Abstract
Objective. To assess trends in cardiovascular (CV) mortality in patients with incident rheumatoid arthritis (RA) in 2000–07 versus the previous decades, compared with non-RA subjects.
Methods. The study population consisted of Olmsted County, Minnesota, USA residents with incident RA (age ≥ 18 yrs, 1987 American College of Rheumatology criteria was met in 1980–2007) and non-RA subjects from the same underlying population with similar age, sex, and calendar year of index. All subjects were followed until death, migration, or December 31, 2014. Followup was truncated for comparability. Aalen-Johansen methods were used to estimate CV mortality rates, adjusting for competing risk of other causes. Cox proportional hazards models were used to compare CV mortality by decade.
Results. The study included 813 patients with RA and 813 non-RA subjects (mean age 55.9 yrs; 68% women for both groups). Patients with incident RA in 2000–07 had markedly lower 10-year overall CV mortality (2.7%, 95% CI 0.6–4.9%) and coronary heart disease (CHD) mortality (1.1%, 95% CI 0.0–2.7%) than patients diagnosed in 1990–99 (7.1%, 95% CI 3.9–10.1% and 4.5%, 95% CI 1.9–7.1%, respectively; HR for overall CV death: 0.43, 95% CI 0.19–0.94; CHD death: HR 0.21, 95% CI 0.05–0.95). This improvement in CV mortality persisted after accounting for CV risk factors. Ten-year overall CV mortality and CHD mortality in 2000–07 RA incidence cohort was similar to non-RA subjects (p = 0.95 and p = 0.79, respectively).
Conclusion. Our findings suggest significantly improved overall CV mortality, particularly CHD mortality, in patients with RA in recent years. Further studies are needed to examine the reasons for this improvement.
Rheumatoid arthritis (RA) is associated with increased cardiovascular (CV) morbidity and mortality compared with the general population1,2,3,4,5. CV death has been recognized as a leading cause of premature mortality in RA, accounting for about 40%–50% of all deaths, and is an important contributor to a mortality gap between RA and the general population6,7,8. Metaanalyses estimated a 50%–60% increase in the risk of CV death in patients with RA versus the general population, with lack of evidence for decrease in CV mortality up to the mid-2000s1,9. More recently published studies, including cohorts from the United Kingdom and the Netherlands, suggest a potentially improving trend in CV mortality in patients with RA onset in the 2000s10,11. No excess relative CV mortality in patients with recent-onset RA versus the general population was reported in a nationwide study from Finland12. However, large longitudinal studies comparing CV mortality trends in successive incidence cohorts of patients with RA are lacking, and trends in the relative excess CV mortality in RA versus the general population in the era of advanced therapeutics and intensive treatment strategies are not fully understood.

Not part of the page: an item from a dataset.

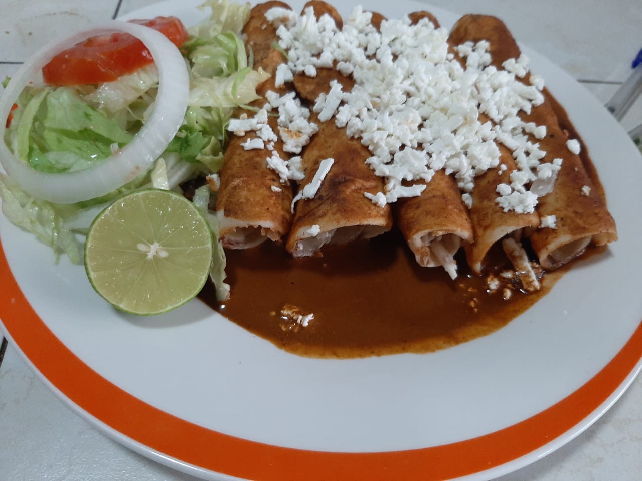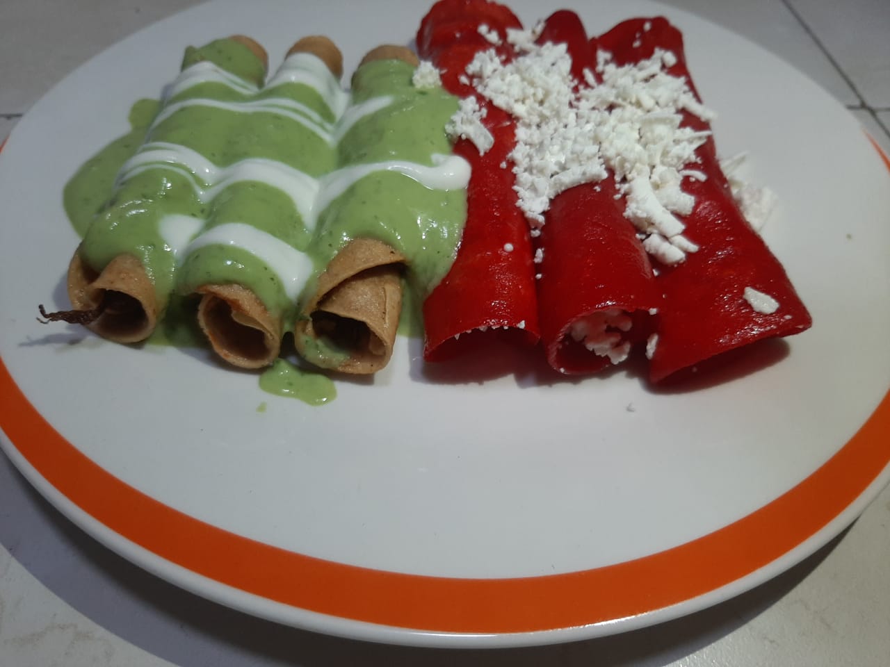 Orden con 6 pss 3 flautas 3 enchiladas Rojas ensalada guacamole y crema salsas

In our study, we aimed to assess CV mortality following RA onset in patients with incident RA in 2000–07 versus the previous decades, compared with non-RA subjects.
MATERIALS AND METHODS
The study consisted of a population-based inception cohort of Olmsted County, Minnesota, USA residents aged ≥ 18 years [1987 American College of Rheumatology (ACR) criteria for RA met between January 1, 1980, and December 31, 2007]. Patient ascertainment was performed using the Rochester Epidemiology Project, a population-based medical records linkage system with access to the complete (inpatient and outpatient) medical records from all medical providers in the community13,14,15,16. For each patient, RA incidence date was defined as the earliest date of fulfillment of ≥ 4 1987 ACR criteria for RA. Comparison cohort included Olmsted County residents without RA chosen by random selection of a subject of similar age, sex, and calendar year of index for each patient with RA. Each non-RA subject was assigned an index date corresponding to the incidence date of a patient with RA.

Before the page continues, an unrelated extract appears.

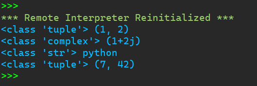 #内置函数eval #功能:把字符串转换为python的表达式 #理解:相当于吧圆括号中的内容两侧引号去掉(用于数字类型的分配) r1 = eval('1,2') #相当于r1 = 1+2 print(type(r1),r1) r2 = eval('1+2j') print(type(r2),r2) r3 = eval('"python"') print(type(r3),r3) r4 = eval('7,42') print(type(r4),r4)

All study subjects were followed through medical record review until death, migration, or December 31, 2014. Followup of each cohort was truncated to make the length of followup comparable (i.e., the 1980–89 cohorts were truncated at December 31, 1994 and the 1990–99 cohorts were truncated at December 31, 2004). A review of medical records was performed by trained nurse abstractors to record the following CV risk factors: age, smoking, hypertension (HTN), diabetes mellitus (DM), and dyslipidemia. HTN was defined according to the criteria of the Joint National Committee on Detection, Evaluation, and Treatment of High Blood Pressure as ≥ 2 ambulatory blood pressure readings ≥ 140 mmHg systolic and/or ≥ 90 mmHg diastolic during a 1-year period, physician diagnosis, or documented use of antihypertensives17. Dyslipidemia was defined based on the Adult Treatment Panel III guidelines18 as total cholesterol ≥ 240 mg/dl, low-density cholesterol ≥ 160 mg/dl, triglycerides ≥ 200 mg/dl or high-density cholesterol < 40 mg/dl, physician diagnosis, or documented use of lipid-lowering medications. DM was defined as fasting plasma glucose ≥ 126 mg/dl, physician diagnosis, or documented use of insulin and/or oral hypoglycemic agents based on the diagnostic criteria adopted by the American Diabetes Association19,20. Data on RA disease characteristics such as rheumatoid factor (RF) positivity, erythrocyte sedimentation rate (ESR), joint erosions/destructive changes on radiographs, and severe extraarticular manifestations of RA including pericarditis, pleuritis, Felty syndrome, glomerulonephritis, cutaneous vasculitis, peripheral neuropathy, scleritis, episcleritis, or retinal vasculitis21 were collected for all patients. Information on antirheumatic medication use, including systemic glucocorticoids, disease-modifying antirheumatic drugs [DMARD; i.e., methotrexate (MTX), hydroxychloroquine (HCQ), other DMARD], biologics (tumor necrosis factor inhibitors, anakinra, abatacept, rituximab), nonsteroidal antiinflammatory drugs (NSAID), and cyclooxygenase (COX)-2 inhibitors, was also gathered during the first year of RA incidence and ever during the followup.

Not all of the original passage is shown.